Entre 1984 et 1988, Fabienne Klein-Donati a exercé les fonctions de substitut du procureur à Épinal. Elle partage ses impressions sur les débuts de l’affaire, expliquant que les magistrats ont rapidement perdu le contrôle de leur communication avec la presse.
Grégory, un petit garçon âgé de quatre ans, a été découvert noyé dans les eaux de la Vologne le 16 octobre 1984. Ce crime, demeuré sans solution, continue de faire l’objet d’une enquête par les gendarmes, presque quarante ans après les faits. Pour la première fois, Fabienne Klein-Donati, magistrate honoraire, accepte de partager son expérience concernant ce dossier. Entre 1984 et 1988, elle a exercé en tant que substitut du procureur à Épinal, dans les Vosges, et a ainsi vécu de près ce qui s’est révélé être un véritable échec judiciaire.
Fabienne Klein-Donati évoque ses débuts de magistrate à Épinal comme un exemple en temps réel de tout ce qu’il ne fallait pas faire. Dès le décès du petit Grégory le 16 octobre 1984, la forte réaction émotive du public a fait perdre pied aux magistrats, qui n’ont pas su gérer leur communication.
« À Épinal, ni le procureur ni le président n’ont pris à cœur la gestion de la communication, explique-t-elle. Il n’y a eu ni conférence de presse ni communiqué officiel, ce qui a conduit à une invasion dans la juridiction. Les gens entraient et sortaient du tribunal sans contrôle. Dans mon cas, je devais garder les volets de mon bureau fermés pour éviter d’être filmée ou photographiée par les journalistes qui s’étaient installés dans la brasserie voisine. »
« Je crois que si la communication avait été mieux maîtrisée, on aurait peut-être pu mieux encadrer le juge d’instruction. »

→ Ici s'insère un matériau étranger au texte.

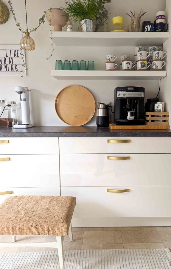 Küche, Kaffee, Kaffeebar, Einrichten, Hocker, Becher, Hängepflanze, Lampe, Kaffeemaschine
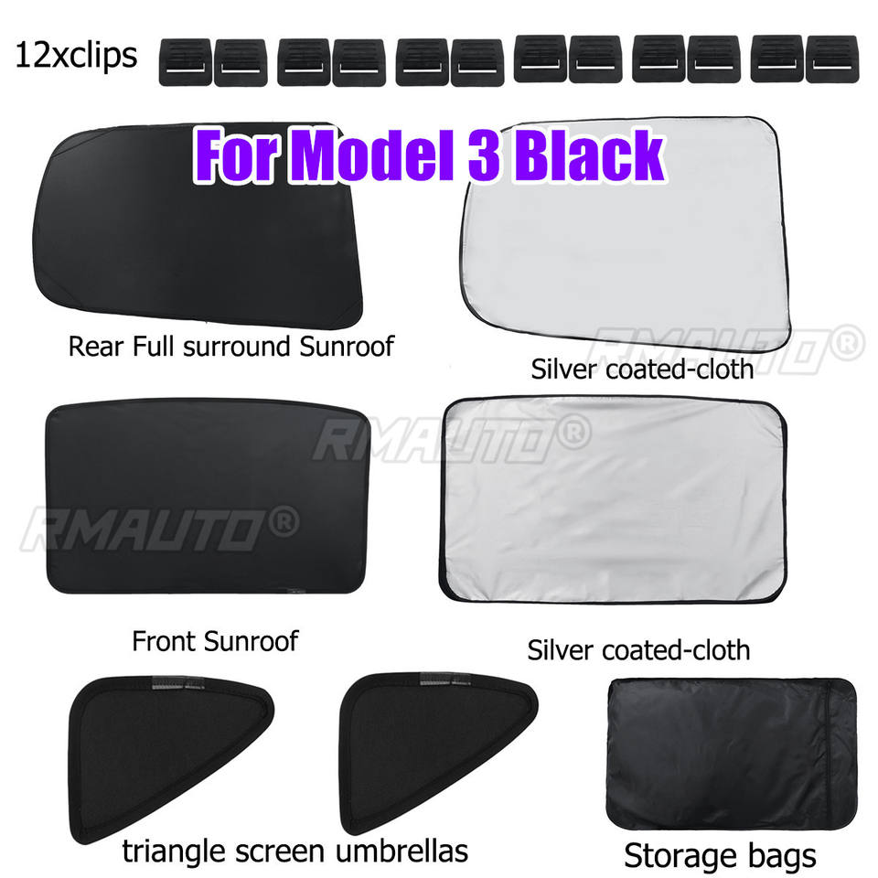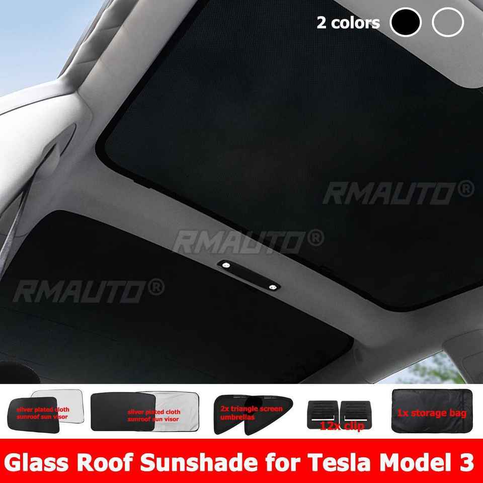 4/6 Piezas para Tesla Model 3 / Model Y 2021, Parasoles Delanteros y Traseros para Techo Solar, Red de Sombreado para Techo de Vidrio
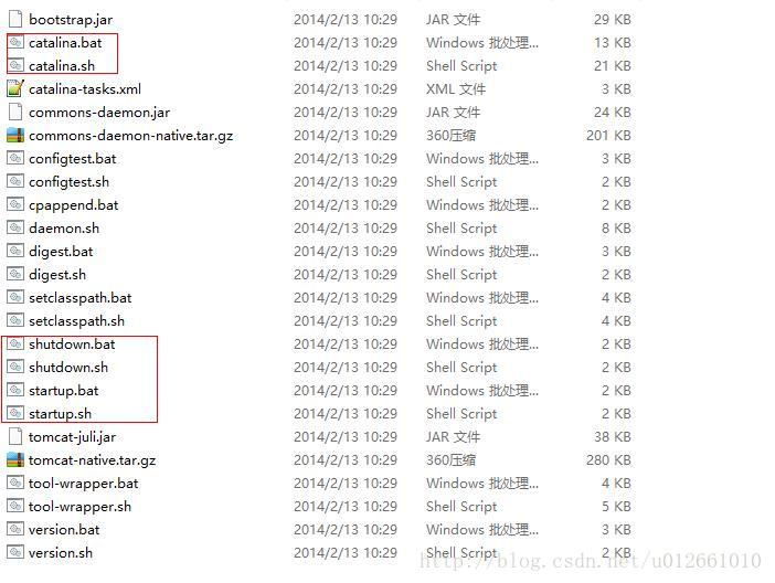 bin目錄主要是用來存放tomcat的命令,主要有兩大類,一類是以.sh結尾的(linux命令),另一類是以.bat結尾的(windows命令)。
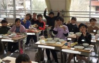 3人グループの班を作って、算数の練習問題に挑戦中の4年1組さん。

Fabienne Klein-Donati, magistrate honoraireà 42mag.fr
Le juge d’instruction en question est bien sûr Jean-Michel Lambert, souvent critiqué pour ses nombreuses déclarations publiques, sa gestion de l’enquête et ses relations avec certains journalistes. Ce magistrat portera ce lourd fardeau toute sa vie et mettra fin à ses jours en 2017. « Il s’est perdu dans ses investigations mais aussi sur un plan personnel. Apprendre son suicide a été un choc pour moi, car nous avons travaillé ensemble durant quatre années. Il s’est trompé lui-même et n’a pas été encadré, ni appuyé par ses supérieurs hiérarchiques. »
« Un énorme gâchis »
Un exemple marquant pour Fabienne Klein-Donati concerne l’ancien président du tribunal d’Épinal. « Il évitait les journalistes, raconte-t-elle, mais puisqu’il ne pouvait pas se soustraire à ses obligations professionnelles, lorsqu’il était accosté par un journaliste, il disait : ‘Je n’en sais rien, je ne suis pas informé, je ne suis que le commis ici, je fais les photocopies’. Cela paraît caricatural, mais c’était pourtant la réalité. Un immense gâchis. »
Ce sont là des témoignages qui illustrent le fiasco à la fois judiciaire et médiatique de l’affaire Grégory. Après son passage à Épinal, Fabienne Klein-Donati continuera sa carrière, devenant ensuite procureure de Bobigny et enfin procureure générale à Lyon. Elle n’oubliera jamais l’importance de maîtriser au mieux la communication avec les médias et de nommer plusieurs juges d’instruction pour les affaires les plus complexes, afin d’enrichir une analyse collective et minutieuse. Des leçons bien apprises de cette tragédie non résolue de la Vologne.